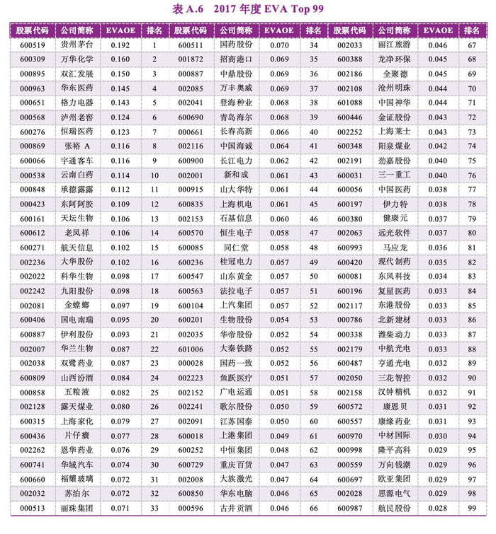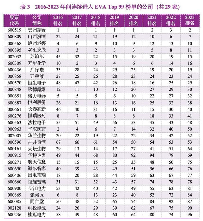 (一)连续八年进入EVA Top 99榜单的公司
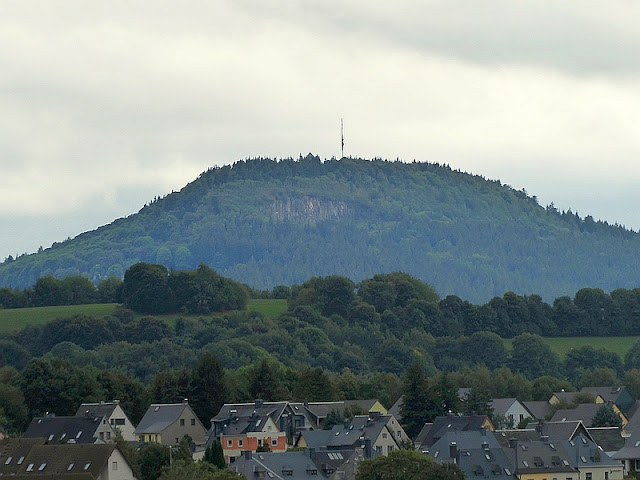 Im Süden:  Der Bärenstein (898 Meter), Keilberg (Klinovec, 1244 Meter) und Fichtelberg (1215 Meter) werden leider von Wolken verdeckt.
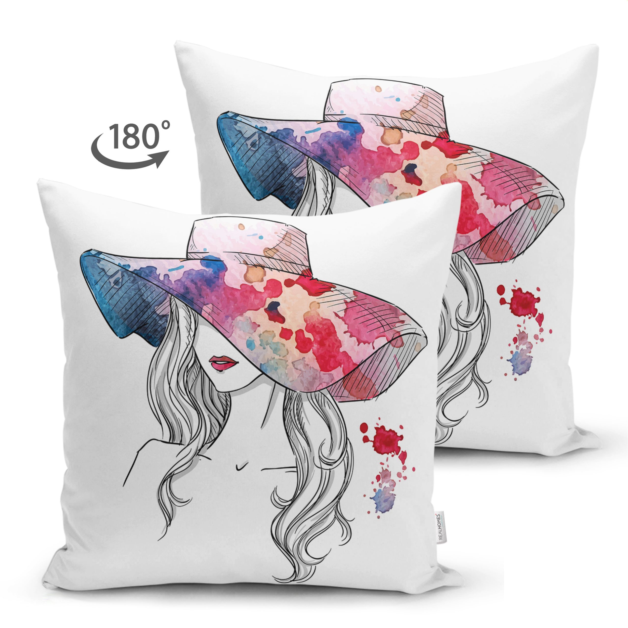 Renkli Şapka Tasarımlı Çift Taraflı Dijital Baskılı Dekoratif Süet Yastık Kırlent Kılıfı Realhomes
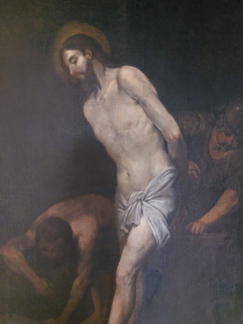 La figura del Cristo, con le mani legate alla colonna, emerge dal fondo scuro illuminata dal fascio di luce. Nella penombra sono due manigoldi: il primo, sul lato sinistro, è chinato intento a legare una corda; il secondo in piedi ha appena immobilizzato il Cristo legandogli entrambi le mani dietro la schiena
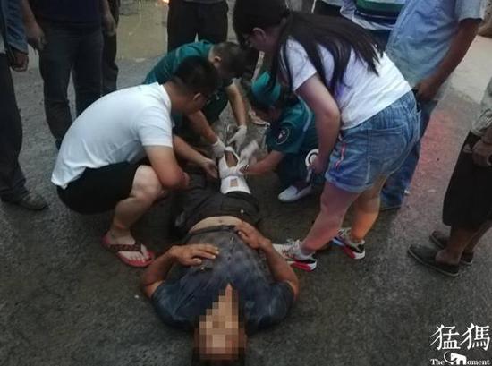 約十多分鐘后,急救車趕到,醫生初步判斷可能是腿部骨折,其它傷勢暫無法確定,隨后男子雙腿被裹上護板,在巡防員幫助下,本已擁堵不堪的馬路被騰出一條生命通道協助120將男子送往醫院搶救。

- - - - -

• WHAT TO PRODUCE:
Give back exactly, and only, the lines from the one holding "La figura del" through the last line of the entries, with every picture omitted.

• RESULT BELOW:
 La figura del Cristo, con le mani legate alla colonna, emerge dal fondo scuro illuminata dal fascio di luce. Nella penombra sono due manigoldi: il primo, sul lato sinistro, è chinato intento a legare una corda; il secondo in piedi ha appena immobilizzato il Cristo legandogli entrambi le mani dietro la schiena
 約十多分鐘后,急救車趕到,醫生初步判斷可能是腿部骨折,其它傷勢暫無法確定,隨后男子雙腿被裹上護板,在巡防員幫助下,本已擁堵不堪的馬路被騰出一條生命通道協助120將男子送往醫院搶救。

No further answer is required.